Post doc at UCL

NIH PhD-graduate will join a strong research group in Belgium to further investigate what is going on in skeletal muscles during exercise.

| 21.04.2010


Picture of Lai at his dissertation
Inger-Åshild Bye, Sten Lund, Yu-Chiang Lai, Jørgen Jensen, Eva Blomstrand, Hans A. Dahl,  Jan Cabri
 
Yu-Chiang Lai defended his PhD thesis “Role ot glycogen content on glucose uptake and glycogen synthase in skeletal muscles: The effect of contraction” at NIH April 8th (Supervisor Prof.
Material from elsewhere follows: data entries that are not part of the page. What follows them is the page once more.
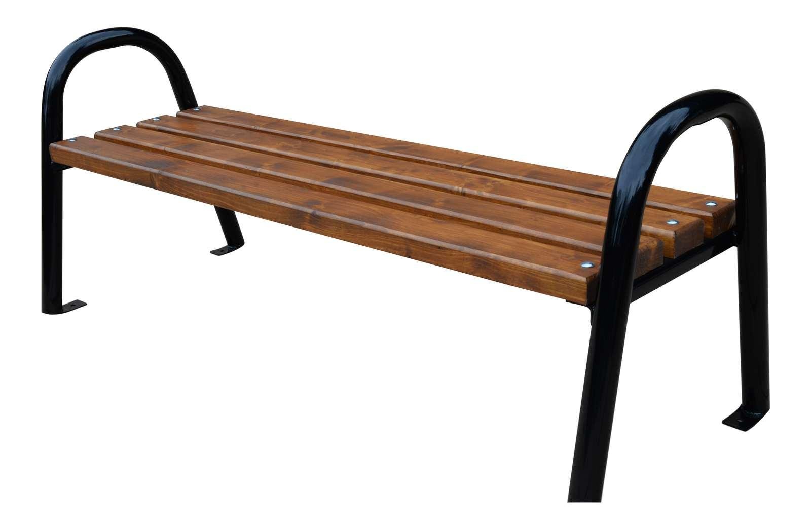 Ławka stalowa idealnie sprawdzi się w przydomowym ogrodzie, jak również w przestrzeni publicznej czy ogródku restauracyjnym. Dzięki stabilnej konstrukcji nie zawiedzie przez wiele lat. Nogi wykonane ze stalowych rur o wymiarach 50x2. Stelaże zostały pomalowane proszkowo na kolor czarny, co skutecznie zabezpiecza przed korozją. Deski wykonane z drewna iglastego (świerk), pomalowane impregnatem zabezpieczającym deskę przed grzybem i robakiem. Dodatkowo dwukrotnie pomalowane lakierem na kolor bursztynowo-złoty. Możliwość przykręcenia do podłoża.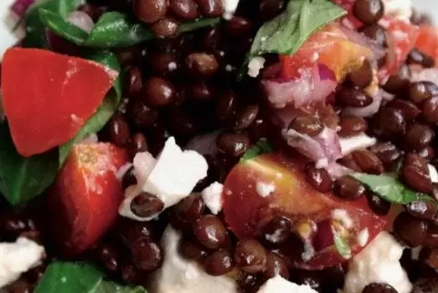 3. Добавить в чечевицу нарезанный зеленый лук, помидоры, а также немного свежего базилика и петрушки. Полить всё лимонным соком и оливковым маслом. Раскрошить фету и аккуратно перемешать все ингредиенты. Приправить солью и перцем по вкусу. Салат лучше всего подавать при комнатной температуре.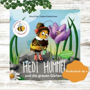 - »Hedi Hummel und die grauen Gärten« von Alina Gries mit Illustrationen von Saskia Diederichsen // Bilderbuch über die Folgen von Steingärten für Insekten // gedruckt in Deutschland // Preis: 19,90€ 💚 Hier bestellen.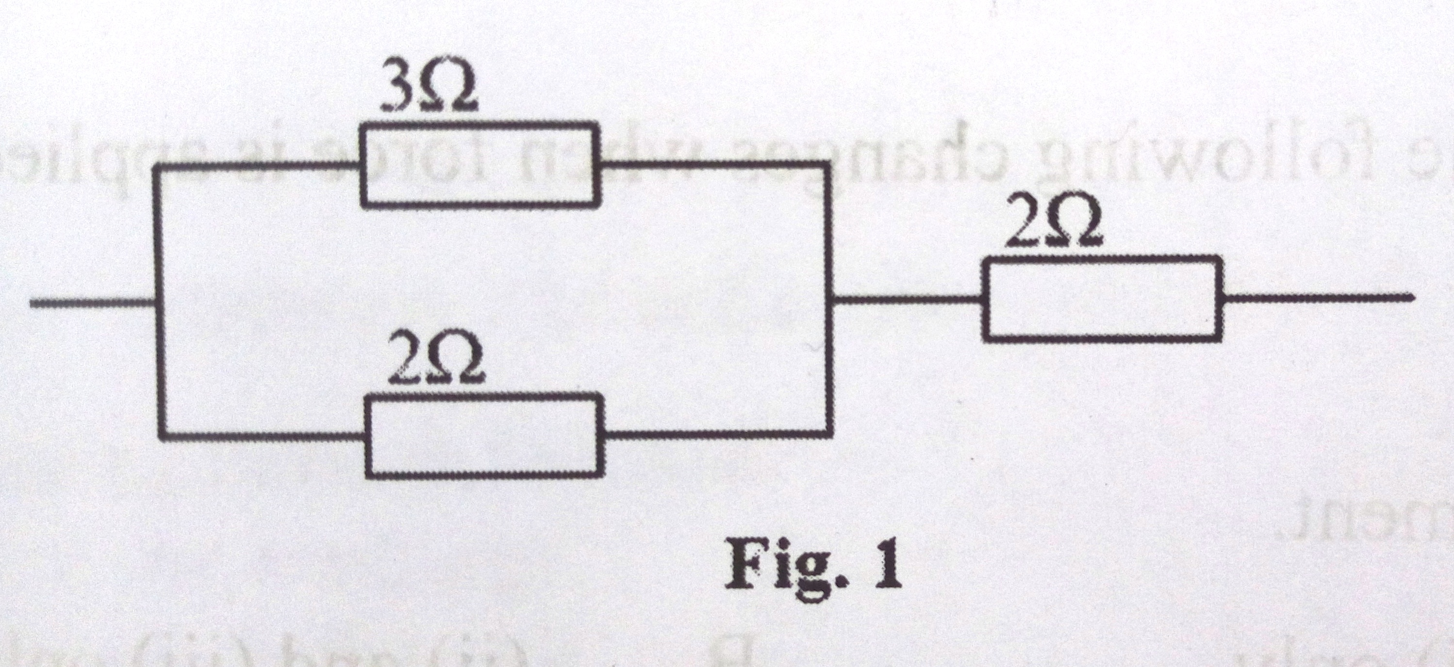 15. Figure 1 shows a circuit diagram with three resistors of 3Ω, 2Ω and 2Ω.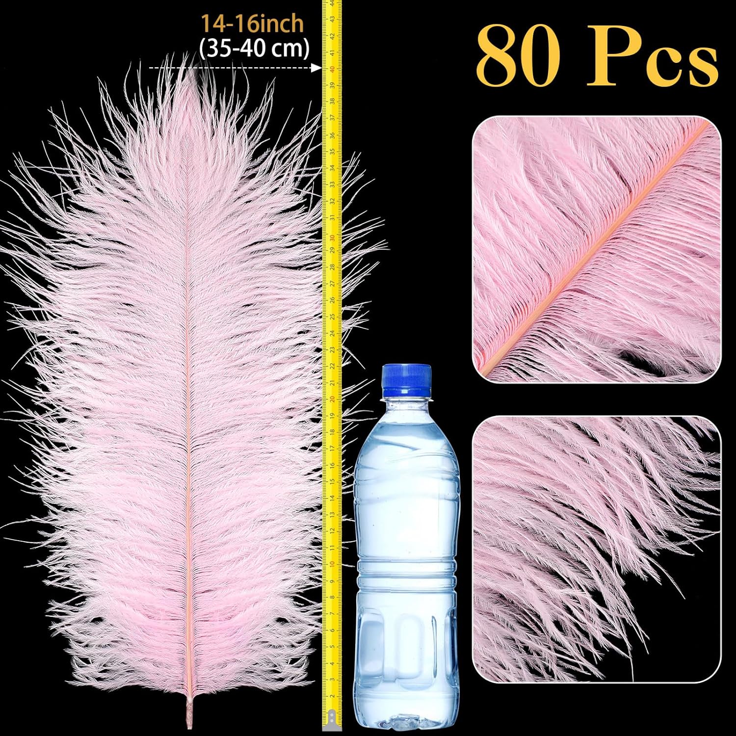 • Meet Using Needs: you will receive 80 pieces of ostrich feathers bulk in light pink color about 14-16 inches/ 35-40 cm, sufficient quantity and large size can meet your decorating and crafting needs in daily life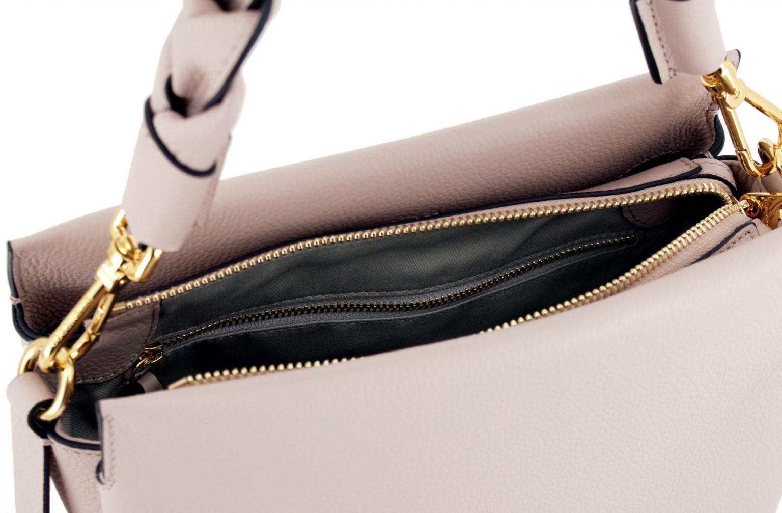 Ein ganz besonderes Highlight ist der kurze Tragehenkel, mit dem die Ledertasche in der Hand oder Armbeuge getragen werden kann. Seine Flechtoptik verleiht der Handtasche ein elegante und doch lässige Ausstrahlung.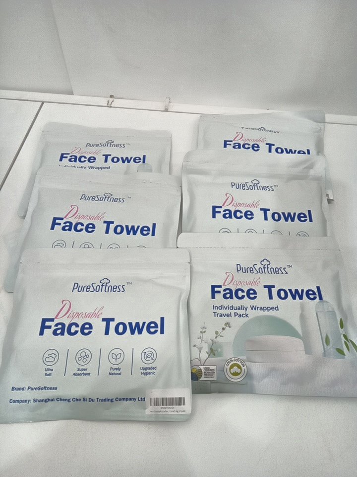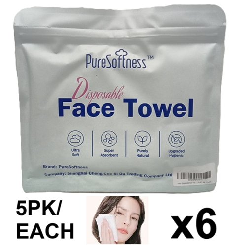 6 (5PK) PURESOFTNESS disposable face towel individually wrapped travel pack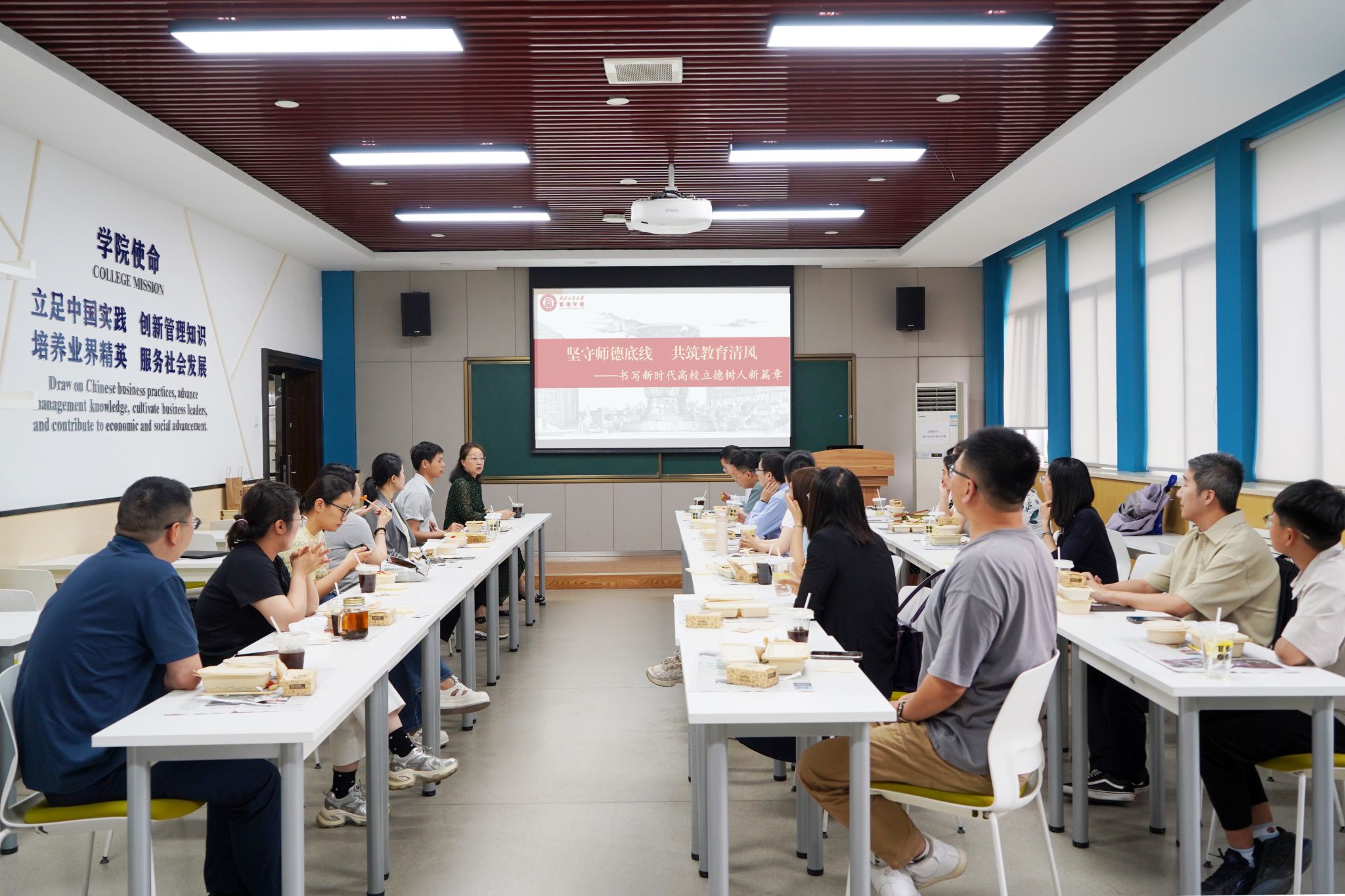 为进一步强化学院师德师风建设,切实增强八项规定精神学习教育的实效性,5月22日,第三十期青禾沙龙特别邀请学院党委书记张爽担任主讲嘉宾,带领青年教师共同学习师德师风建设的相关文件政策,强化师德警示教育,引导青年教师筑牢思想根基、涵养高尚师德。二十余名青年教师参加了本次座谈会,活动由青工委员李纪柳主持。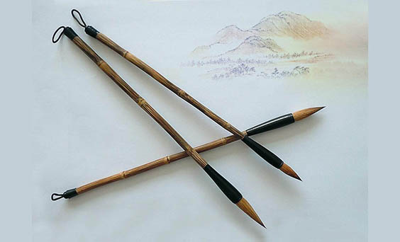 (4)兼毫。笔头是用两种刚柔不同的动物毛制成的。常见的种类有羊狼兼毫、羊紫兼毫,如五紫五羊,七紫三羊等等。此种笔的优点兼具了羊狼毫笔的长处,刚柔适中,价格也适中,为书画家常用。种类有调和式、心被式。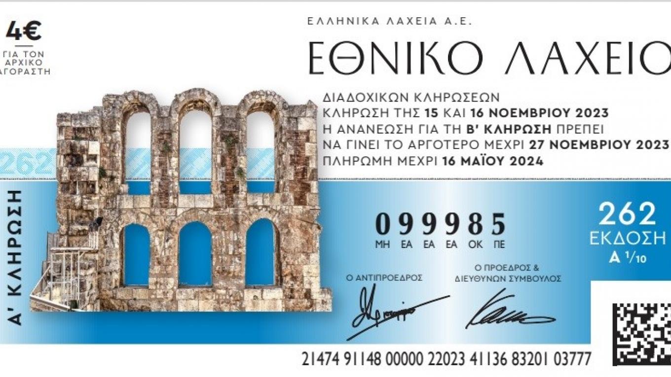 Το εγγυημένο έπαθλο του 1.000.000 ευρώ, καθώς και πολλά ενδιάμεσα κέρδη με μόλις 4 ανανεώσεις, διεκδικούν οι παίκτες του Εθνικού Λαχείου με τους λαχνούς της 262ης έκδοσης, η οποία είναι και η τελευταία για το 2023. Οι κληρώσεις της νέας έκδοσης ξεκινούν την Τετάρτη, 15 Νοεμβρίου, με τους λαχνούς του παιχνιδιού να είναι διαθέσιμοι στα καταστήματα ΟΠΑΠ και στους πλανόδιους πωλητές όλης της χώρας.
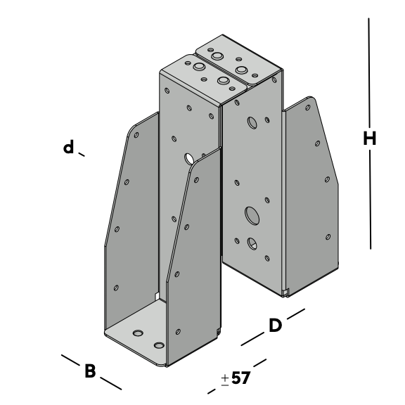 Dubbele balkdrager die over een hoofdbalk (moerbalk) wordt gehangen en vervolgens aan weerszijden in de rug van elke balkdrager wordt bevestigd. Vervolgens wordt aan elke kant een dwarsbalk ingelegd die via de gaten in de zijkant van de balkdragers kunnen worden gefixeerd. Dit product wordt geleverd op bestelspecificatie, afhankelijk van de dikte van de hoofdbalk (afstand tussen de balkschoenen).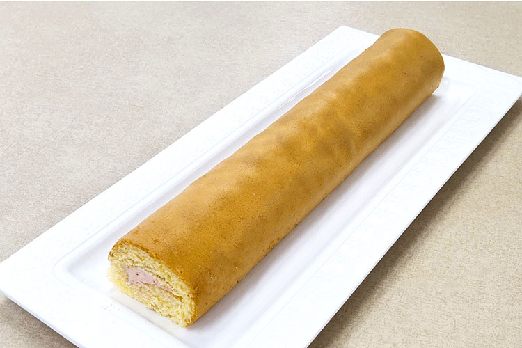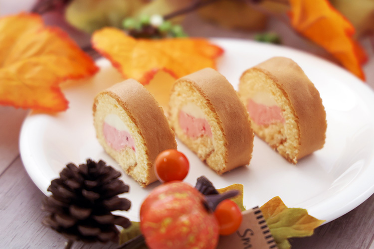 ふわふわ食感の生地で、いちごとミルク風味の2種類のクリームを巻き上げたロールケーキです。

Jørgen Jensen).
 
In his post doc, Lai will work with Professor Mark Rider, Université Catholique de Louvain (UCL) and the de Duve Institute and go deeper in the mechanism by which exercise mediates its effect in skeletal muscle.
 
The title of Lai’s project is: “Identification of new kinase substrates in isolated skeletal muscle under contraction and insulin stimulation".
 
The de Duve Institute
The de Duve Institute is a world wide renowned multidisciplinary biomedical research institute hosting several laboratories of the faculty of medicine of UCL. Christian de Duve received the "Nobel Prize in Medicine or Physiology" in 1974, and in that same year he founded the International Institute of Cellular and Molecular Pathology (ICP).
 
Since then he has not only remained remarkably active in science and in promoting the ICP, but has also devoted much of his time, talents and enthusiasm to the advancement of scientific knowledge and to kindle the sparks that ignite investigative careers. The department of Prof. Mark Rider focuses mainly on main  AMP-activated protein kinase (AMPK) and insulin signalling cascades.